2. **Commercial**: Proprietary license from [ANULUM](https://www.anulum.li/licensing)
   — removes copyleft, allows closed-source and SaaS deployment.

### Commercial Tiers

| Tier | Monthly | Yearly | Best for |
|------|---------|--------|----------|
| **Hobbyist** | $9 | $90 | Students, side projects, experiments. 1 local deployment, community support (GitHub/Discord), delayed updates. |
| **Indie** | $49 | $490 | Solo devs, bootstrapped teams (<$2M ARR). 1 production deployment, email support, 12 months updates. |
| **Pro** | $249 | $2,490 | Startups & scale-ups. Unlimited internal devs, multiple envs, Slack priority support, early releases. |
| **Enterprise** | Custom | Custom | Large orgs. SLA (99.9%), on-prem/air-gapped, SOC2/HIPAA-ready, dedicated engineer, custom NLI fine-tunes. |

**Perpetual license**: $1,299 one-time (Indie equivalent).
**First 50 commercial licensees**: 50% off first year.

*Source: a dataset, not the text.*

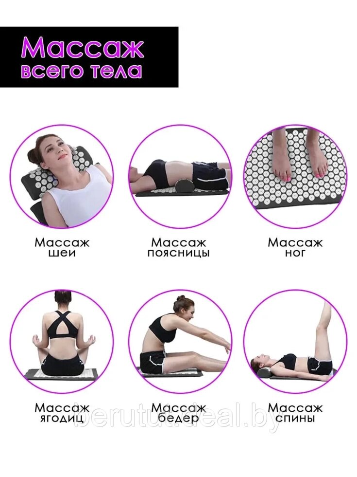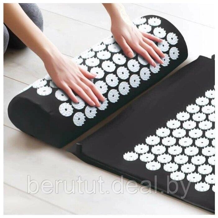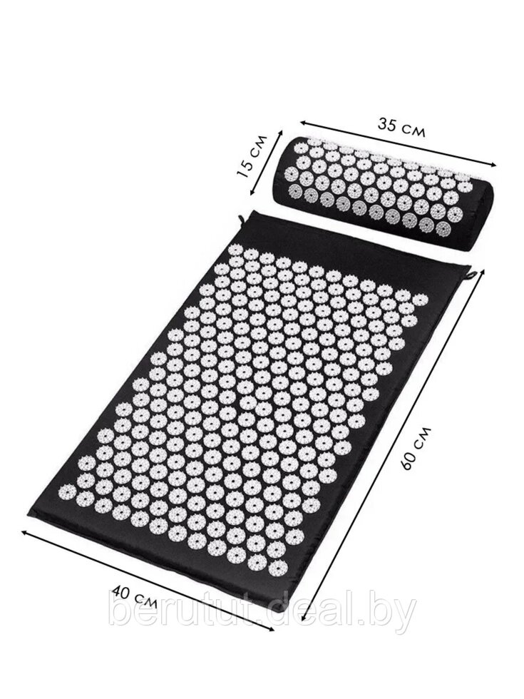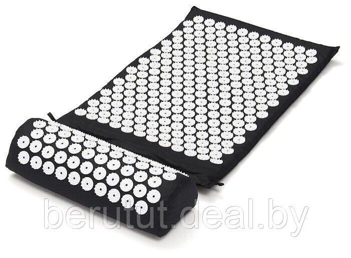 Массажный акупунктурный коврик-аппликатор Кузнецова с подголовником (Черный)

Contact: [anulum.li/contact](https://www.anulum.li/contact.html) or invest@anulum.li

See [NOTICE](NOTICE) for full terms and third-party acknowledgements.

## Roadmap

### Next Training Run (v1.1)

Current NLI baseline: 66.2% balanced accuracy on LLM-AggreFact.
Target: 72%+ through:

- **Dataset rebalancing** — downsample VitaminC from 370K to 100K
  (50% of current training data, causes domain bias toward fact-verification)
- **Contamination fix** — remove HaluEval from training data
  (present in both train and benchmark, inflates reported numbers)
- **Threshold calibration** — post-training calibration pass
  (fine-tuned models underperform baseline on AggreFact despite 91% raw accuracy)
- **MiniCheck backend** — pluggable MiniCheck-DeBERTa-L as alternative
  (72.6% on same benchmark, no retraining needed)

### Planned Features

- [x] `director-ai eval` — structured CLI benchmarking
- [x] Webhook/callback on halt events
- [x] SQLite-backed usage dashboard at `/v1/dashboard`
- [x] Native OpenAI/Anthropic SDK in CoherenceAgent
- [ ] HuggingFace Spaces live demo
- [ ] Chunked NLI scoring for long documents

## Citation

```bibtex
@software{sotek2026director,
  author    = {Sotek, Miroslav},
  title     = {Director-AI: Real-time LLM Hallucination Guardrail},
  year      = {2026},
  url       = {https://github.com/anulum/director-ai},
  version   = {1.0.0},
  license   = {AGPL-3.0-or-later}
}
```

## Contributing

See [CONTRIBUTING.md](CONTRIBUTING.md) for guidelines. By contributing, you agree
to the [Code of Conduct](CODE_OF_CONDUCT.md) and AGPL v3 licensing terms.

## Security

See [SECURITY.md](SECURITY.md) for reporting vulnerabilities.